Curtiss F R
Am J Hosp Pharm. 1982 Nov;39(11):1975-7.
Recently enacted federal and state legislation reflect a gradual transition from cost-based reimbursement to rate-based reimbursement for hospital services; the implications of this trend for hospital pharmacists are discussed. Under "The Tax Equity and Fiscal Responsibility Act of 1982," Medicare hospital reimbursement is limited based on total hospital costs, effective for the 1983 fiscal reporting period. In addition, a target limit of costs for each hospital will be computed and hospitals will have positive and negative incentives to keep costs below this amount. These reimbursement changes calculate limits on the basis of costs per case, not costs incurred. These changes increasingly require hospitals to share in the risk of expenditures attributed to use of services. For hospital pharmacists, this means that the focus is changing from maximizing revenue from drug products to controlling unnecessary use and reducing departmental expense. Clinical pharmacy services will survive only if they are shown to be cost effective. Hospital pharmacists cannot afford to ignore the changing patterns of reimbursement; the consequences of unpreparedness and inaction may be decreased budgets and the relegation of hospital pharmacy practice to assembly-line economics.

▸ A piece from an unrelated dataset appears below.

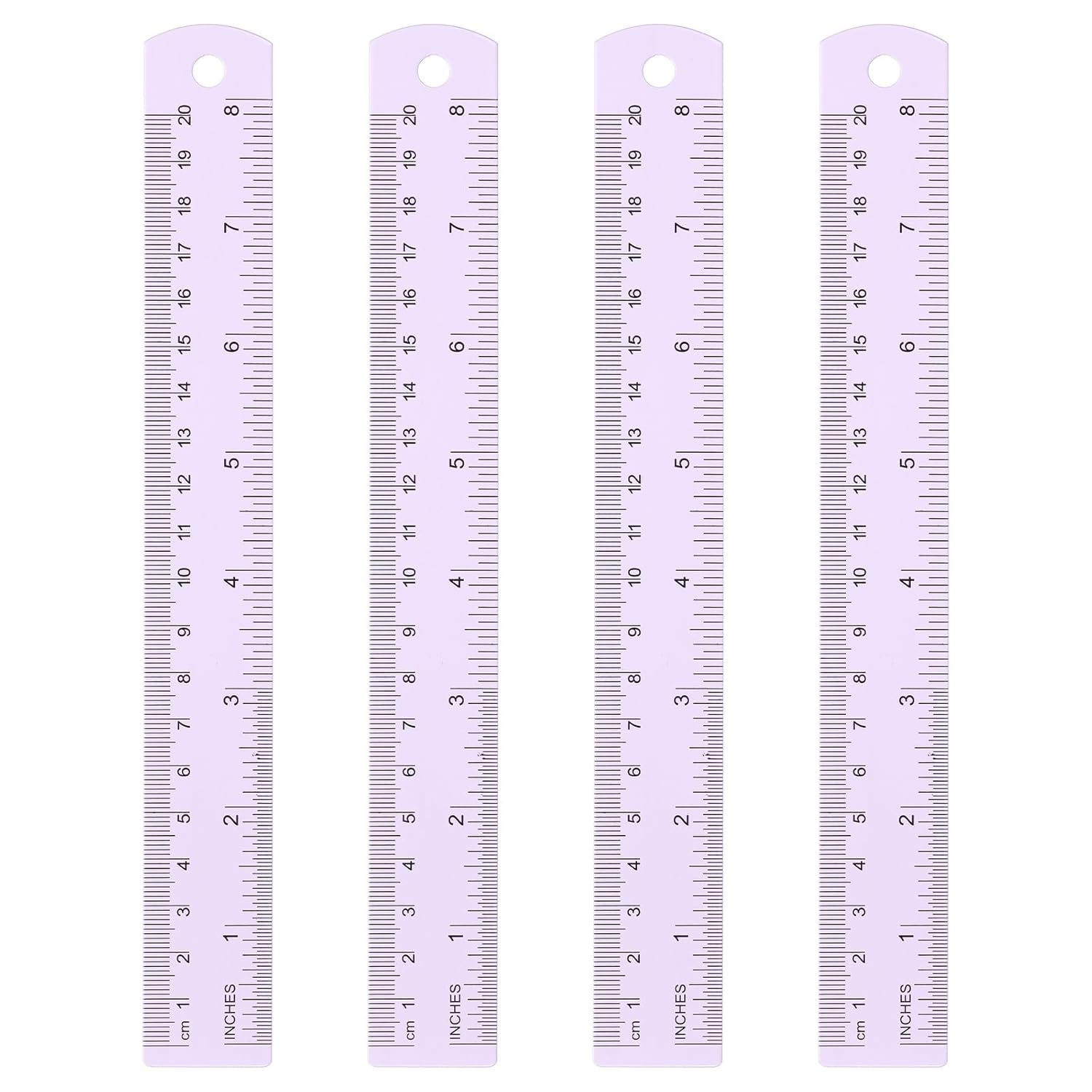 HARFINGTON 4pcs Metal Straight Ruler 20cm Metric SAE Aluminum Alloy Measuring Rulers Scale Tool with Hole for Measure Study Reading Classroom Office, Purple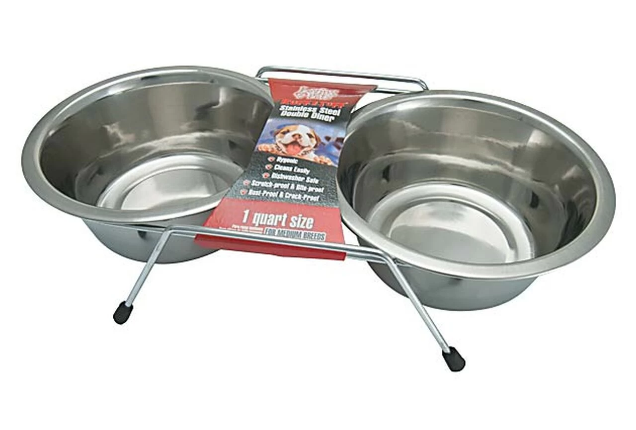 Ruff N’ Tuff® Double Diner stainless steel raised dog dishes are the perfect elevated dog diners. Both the frames and bowls are made of veterinarian recommended stainless steel. The frames feature removable rubber feet to prevent skidding, spilling and reduce noise. Because they are stainless they are durable, healthy, easy to clean, dishwasher safe, and bacteria resistant. Ruff N’ Tuff® Double Diners are also one of the most affordable raised dog dishes available. Available shrink-wrapped (packaged) and loose (bulk).

最近颁布的联邦和州立法反映了医院服务从基于成本的报销向基于费率的报销的逐渐转变;讨论了这一趋势对医院药剂师的影响。根据“1982年税收公平与财政责任法案”,医疗保险医院报销基于医院总成本受到限制,从1983财年报告期开始生效。此外,将计算每家医院的成本目标限额,医院将有正向和负向激励措施来将成本控制在该金额以下。这些报销变化是根据每个病例的成本而非发生的成本来计算限额。这些变化越来越要求医院分担因服务使用而产生的支出风险。对于医院药剂师来说,这意味着重点正从使药品收入最大化转向控制不必要的使用并减少部门开支。临床药学服务只有在被证明具有成本效益时才能存续。医院药剂师不能忽视报销模式的变化;毫无准备和无所作为的后果可能是预算减少以及医院药学实践沦为流水线式的经济模式。